October 18, 2012 0
The day would’ve passed by rather unremarkably (did the world stop? No) had I not had a task that was specifically designed to send me down memory lane.
It just so happens that this weekend, my mother, my sister and I will be giving a talk at the Kechara Sunday Service about our journey in the Dharma. My mother asked me to look for old photos of myself and my siblings with Rinpoche to accompany our talk.
After scouring thousands of photos since the 1990s, I’ve come to a conclusion – I have led a pretty privileged 26 years.
I know that hindsight can have blinders, and you forget the bad memories because they’re never captured in photographs. But for all that I complain about in my life, I really shouldn’t. Yes things get difficult but those times in my life are interrupted by long spells of general contentment and everything’s-gonna-be-okay.
And it’s these moments that are captured in photographs. Looking at them, I want to go back to the moment captured in that photograph, to experience the sounds, the sights, the smells and the feeling of it once again.

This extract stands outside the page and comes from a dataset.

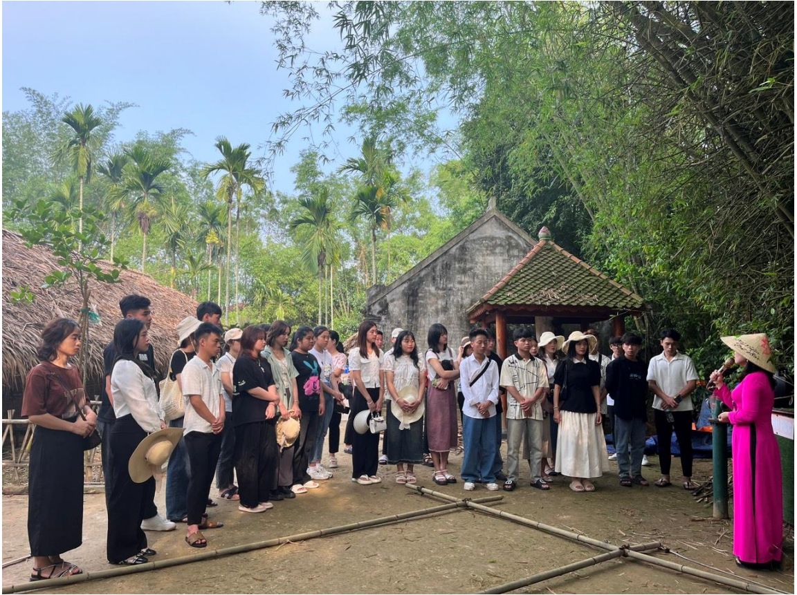
Đoàn nghe thuyết minh tại quê ngoại Bác Hồ

But the trouble is, once I’m dead, all of these memories are meaningless. They’re precious to no one but me and the people in the pictures, and once THEY are all gone, the pictures become…irrelevant. Nothing but bits of ink printed onto scraps of paper.
So what’s a girl to do?
When I was in my late teens, I read a quote by Bruce Lee that has stuck with me forever – “The key to immortality is to live a life worth remembering”.